Output the lines of the listing below exactly, starting at the line containing "Severe fire damage" and stopping after the last line, with any pictures dropped.

● **Given data**:
************

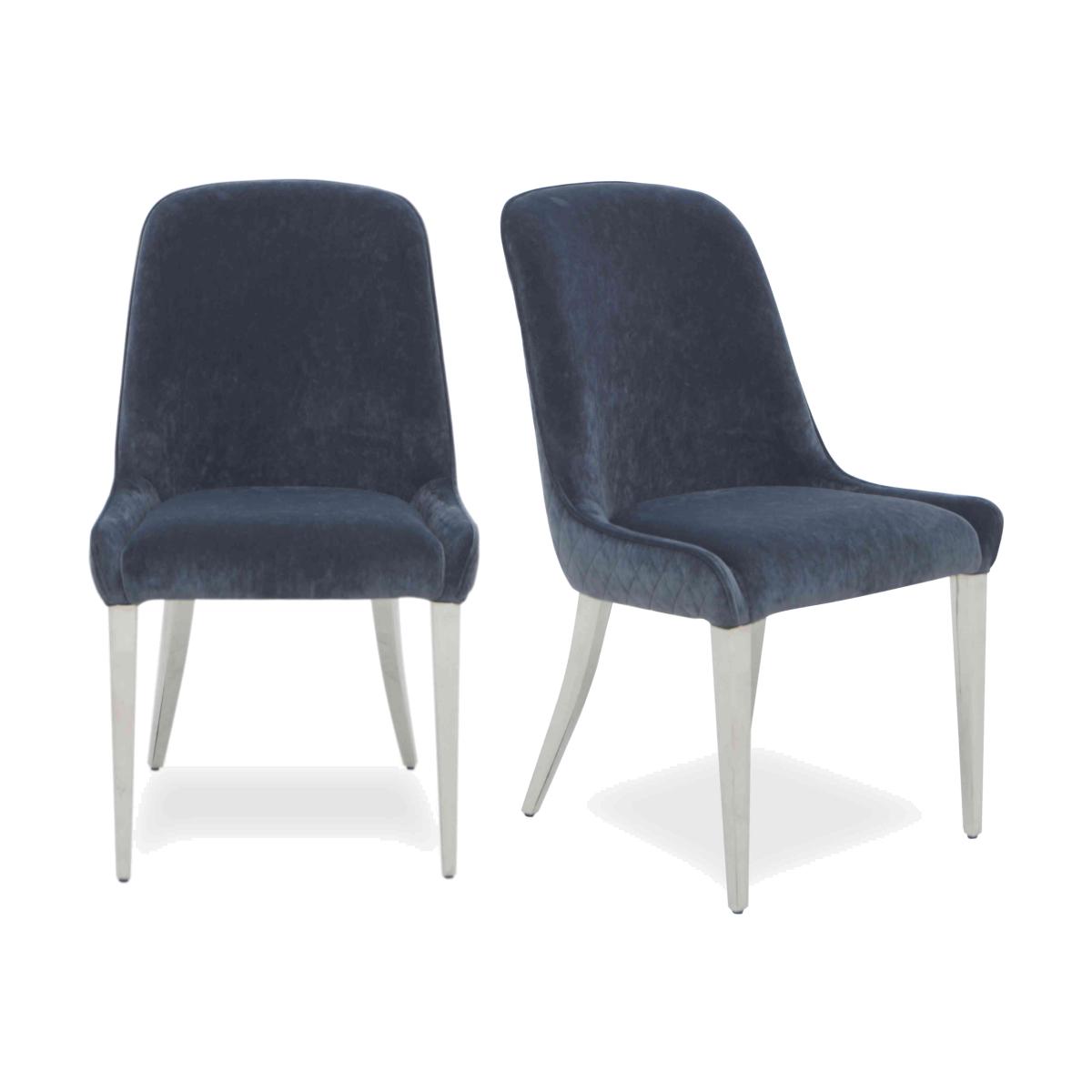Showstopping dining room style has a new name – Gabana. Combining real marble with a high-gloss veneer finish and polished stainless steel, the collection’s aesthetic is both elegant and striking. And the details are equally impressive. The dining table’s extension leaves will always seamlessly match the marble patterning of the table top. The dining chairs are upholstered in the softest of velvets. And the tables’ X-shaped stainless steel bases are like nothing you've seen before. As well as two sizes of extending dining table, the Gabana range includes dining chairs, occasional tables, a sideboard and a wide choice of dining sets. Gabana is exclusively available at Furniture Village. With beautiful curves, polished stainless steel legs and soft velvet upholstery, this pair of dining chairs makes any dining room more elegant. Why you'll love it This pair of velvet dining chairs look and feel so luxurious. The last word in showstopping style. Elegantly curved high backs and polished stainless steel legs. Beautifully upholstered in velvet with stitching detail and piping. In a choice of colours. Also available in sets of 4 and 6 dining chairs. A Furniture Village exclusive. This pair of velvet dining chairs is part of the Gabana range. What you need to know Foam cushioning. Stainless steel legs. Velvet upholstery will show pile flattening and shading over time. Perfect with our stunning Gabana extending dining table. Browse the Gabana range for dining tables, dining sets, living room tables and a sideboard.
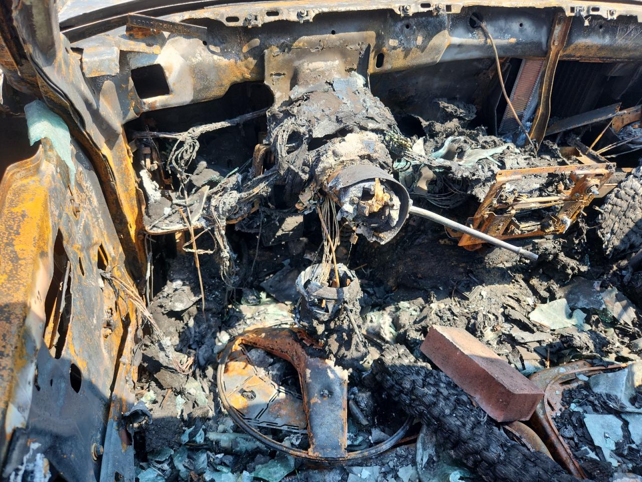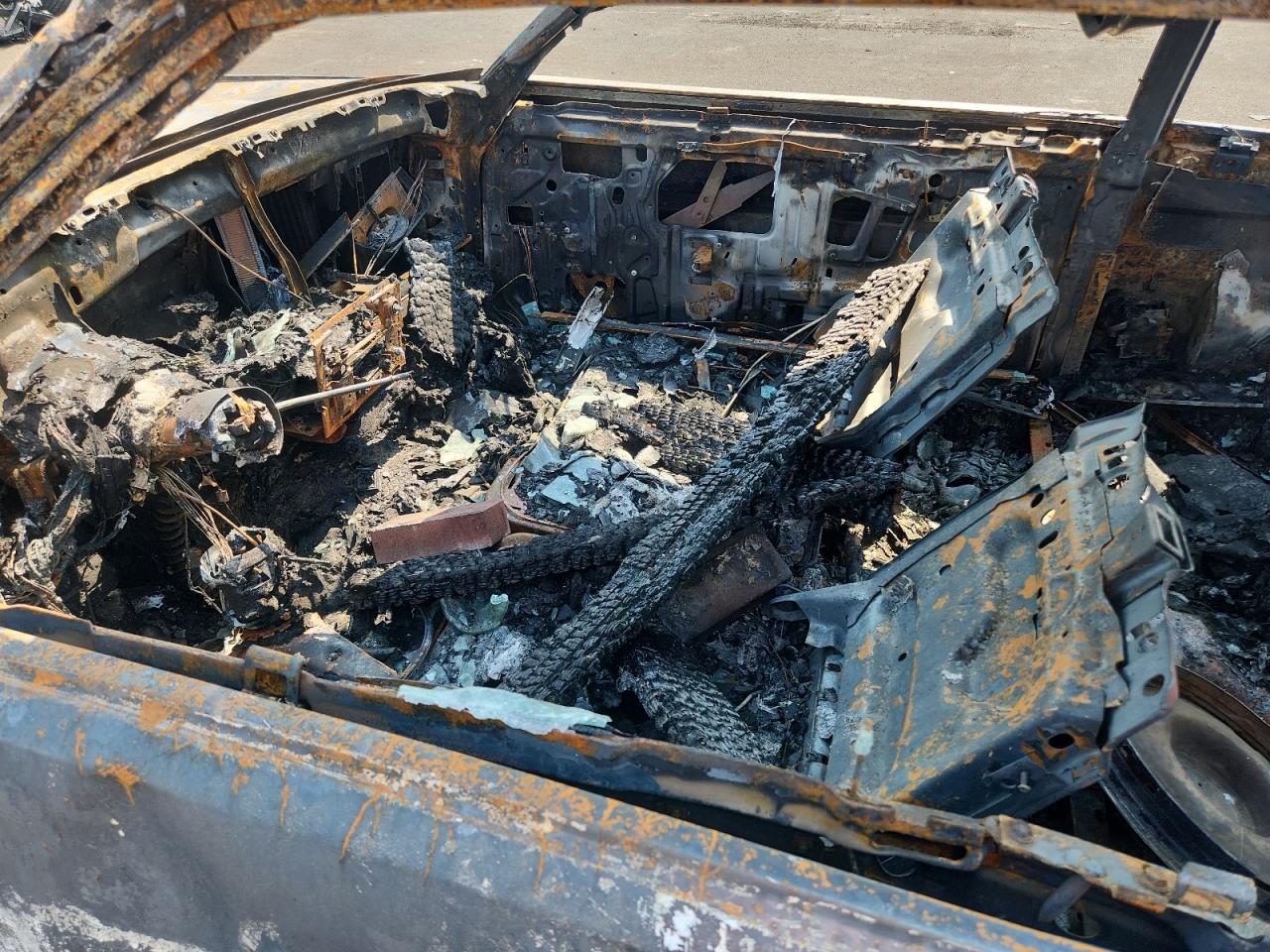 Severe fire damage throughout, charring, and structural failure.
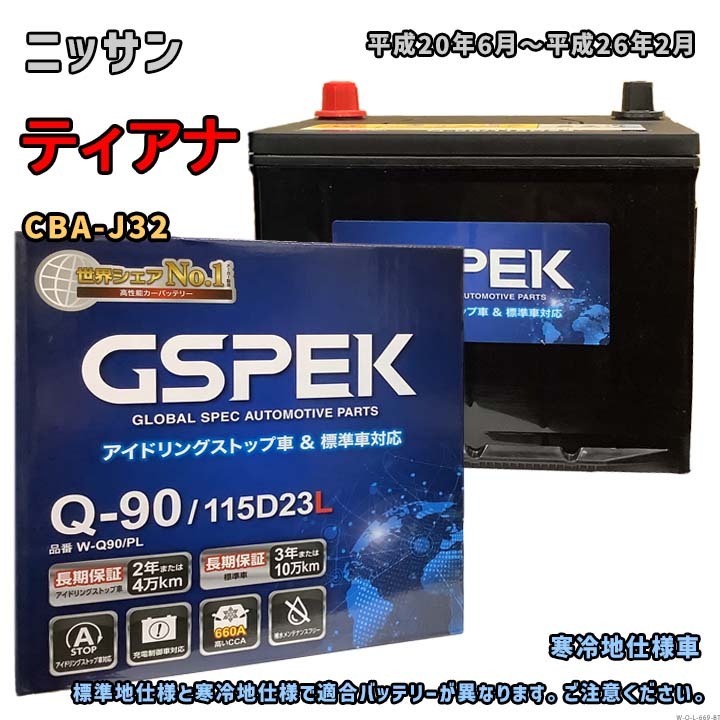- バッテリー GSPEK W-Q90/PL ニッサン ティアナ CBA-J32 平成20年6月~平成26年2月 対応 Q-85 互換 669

************

● **Result for this exercise**:
 Severe fire damage throughout, charring, and structural failure.
- バッテリー GSPEK W-Q90/PL ニッサン ティアナ CBA-J32 平成20年6月~平成26年2月 対応 Q-85 互換 669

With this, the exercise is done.